Estimators are tools that produce estimates of population statistics from sample statistics.

The basic outline of “statistical inference”: Data = sample $\rightarrow$ sample statistics $\rightarrow$ ESTIMATOR $\rightarrow$ population parameters

We generally use the word “statistic” when discussing the data, and “parameter” when discussing the underlying distribution.

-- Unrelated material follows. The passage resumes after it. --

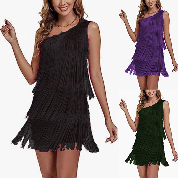 This dress features tassel details that add movement and playfulness. The slant shoulder design creates a unique and alluring look. Whether you're attending a cocktail party, a night out with friends, or a special event, this dress is sure to turn heads.

An “estimator” or “point estimate” is a statistic (that is, a function of the data) that is used to infer the value of an unknown parameter in a statistical model. If the parameter is denoted $\theta$ then the estimator is typically written by adding a “hat” over the symbol: $\hat{\theta}$. Being a function of the data, the estimator is itself a random variable; a particular realization of this random variable is called the “estimate”. Sometimes the words “estimator” and “estimate” are used interchangeably, but I will try and be consistent in using the word “estimator” for the function in the generic, and the word “estimate” for the result of applying that function to the data at hand.

We have not been formally introduced to statistical distributions yet, but the Normal (a.k.a. Gaussian) distribution is the classic “bell-shaped” curve you may be familiar with. It has two parameters, $\mu$ (the location of the center of the bell curve) and $\sigma$ (the width of the bell curve).

Let’s say we have a random variable X that follows a Normal distribution:

\[ X \sim N(\mu,\sigma^{2}) \] Parameter estimation involves using the data to estimate the true value of $\mu$ and $\sigma$.

We define the “estimator” for $\mu$ as

\[ \frac{1}{n}\sum_{i=1}^{n}X_{i} \]

Therefore, the “estimate” $\hat{\mu}$ is

\[ \hat{\mu}=\bar{X} =\frac{1}{n}\sum_{i=1}^{n}X_{i} \]

Estimators are imperfect tools, and they can suffer from bias and/or variance (or, equivalently, standard error).

Bias: As $n \rightarrow \infty$, sample statistic does not converge to the population parameter
Standard error: Each individual estimate may be too low or too high from the true value (this can occur even if the long run average value is correct, i.e. unbiased). In other words, there is sample-to-sample variance in the estimates obtained from a given sample.

It turns out that bias and variance trade-off, and this trade-off is controlled by the complexity of the model you are trying to fit. We will return to these ideas in Week 13 but I suggest reading through this nice (and short) explanation of bias and variance (written from the perspective of machine learning, which is just another kind of model building enterprise).

Why are estimators associated with a standard error? If you were to do your experiment all over again, say 1000 times, the value of your estimate would be different each time. Your 1000 estimates would have a statistical distribution with some spread, and the spread of these 1000 estimates is quantified by the standard error.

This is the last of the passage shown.